(Items from a dataset)
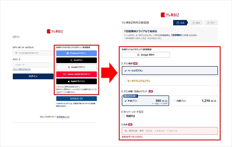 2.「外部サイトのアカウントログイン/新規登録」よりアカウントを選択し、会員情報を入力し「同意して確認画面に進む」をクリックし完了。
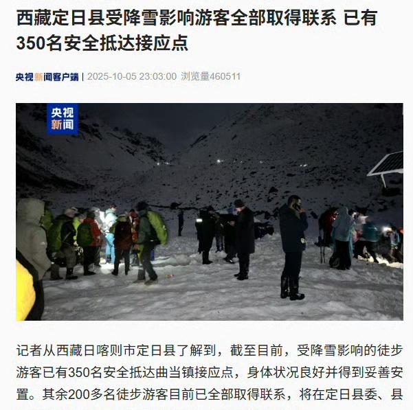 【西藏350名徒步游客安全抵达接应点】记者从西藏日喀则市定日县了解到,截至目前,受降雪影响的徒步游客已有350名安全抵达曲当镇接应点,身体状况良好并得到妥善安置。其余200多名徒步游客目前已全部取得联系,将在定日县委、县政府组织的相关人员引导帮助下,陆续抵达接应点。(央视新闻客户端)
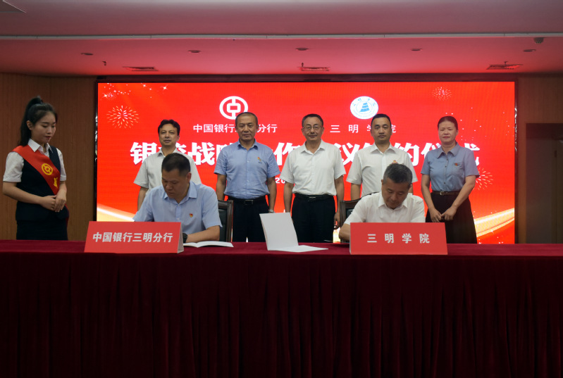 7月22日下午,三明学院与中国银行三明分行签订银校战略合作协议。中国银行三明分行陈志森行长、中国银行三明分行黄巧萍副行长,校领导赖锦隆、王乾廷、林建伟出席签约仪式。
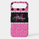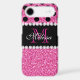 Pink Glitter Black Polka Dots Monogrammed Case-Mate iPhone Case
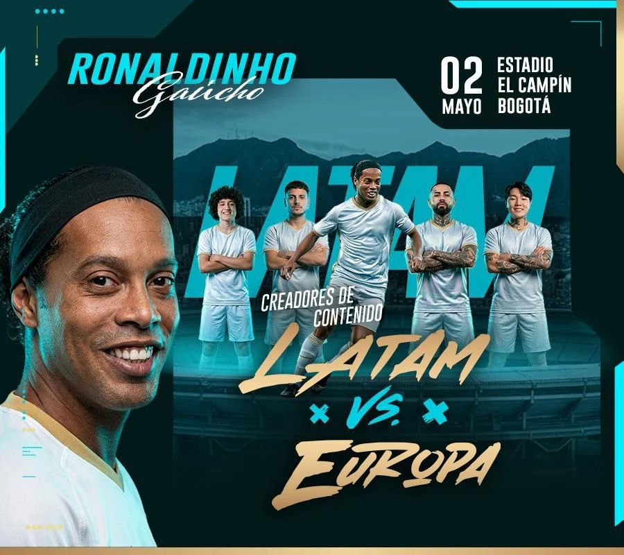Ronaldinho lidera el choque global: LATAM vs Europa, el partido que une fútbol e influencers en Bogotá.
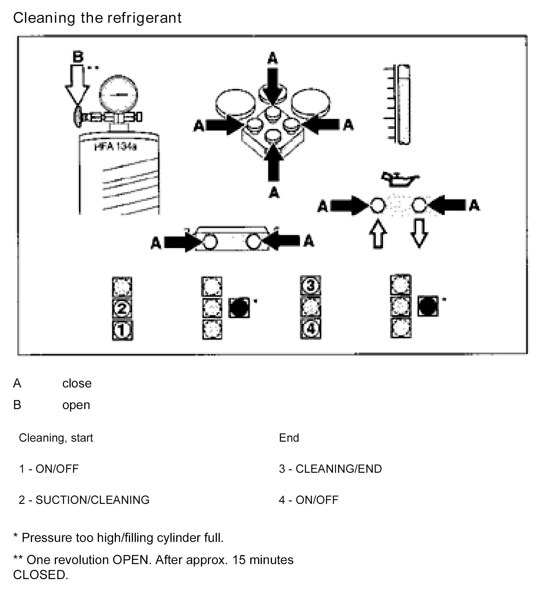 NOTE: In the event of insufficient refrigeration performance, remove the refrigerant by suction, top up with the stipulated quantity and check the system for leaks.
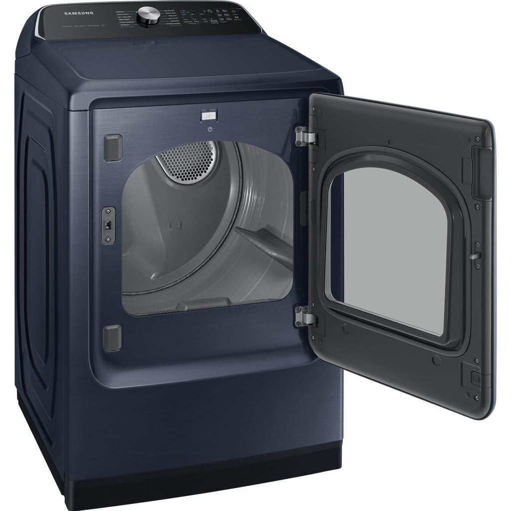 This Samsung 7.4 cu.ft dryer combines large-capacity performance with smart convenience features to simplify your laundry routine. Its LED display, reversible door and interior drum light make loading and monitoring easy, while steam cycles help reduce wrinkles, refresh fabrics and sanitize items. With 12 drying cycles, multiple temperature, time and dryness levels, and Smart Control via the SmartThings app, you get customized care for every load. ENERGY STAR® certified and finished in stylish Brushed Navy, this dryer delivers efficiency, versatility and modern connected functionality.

- _ABOUT THIS EXERCISE_: An exact copy is needed of the lines running from the one with "Pink Glitter Black" through the end of the data above, and of those lines only, without pictures.

- _TASK RESPONSE_:
 Pink Glitter Black Polka Dots Monogrammed Case-Mate iPhone Case
Ronaldinho lidera el choque global: LATAM vs Europa, el partido que une fútbol e influencers en Bogotá.
 NOTE: In the event of insufficient refrigeration performance, remove the refrigerant by suction, top up with the stipulated quantity and check the system for leaks.
 This Samsung 7.4 cu.ft dryer combines large-capacity performance with smart convenience features to simplify your laundry routine. Its LED display, reversible door and interior drum light make loading and monitoring easy, while steam cycles help reduce wrinkles, refresh fabrics and sanitize items. With 12 drying cycles, multiple temperature, time and dryness levels, and Smart Control via the SmartThings app, you get customized care for every load. ENERGY STAR® certified and finished in stylish Brushed Navy, this dryer delivers efficiency, versatility and modern connected functionality.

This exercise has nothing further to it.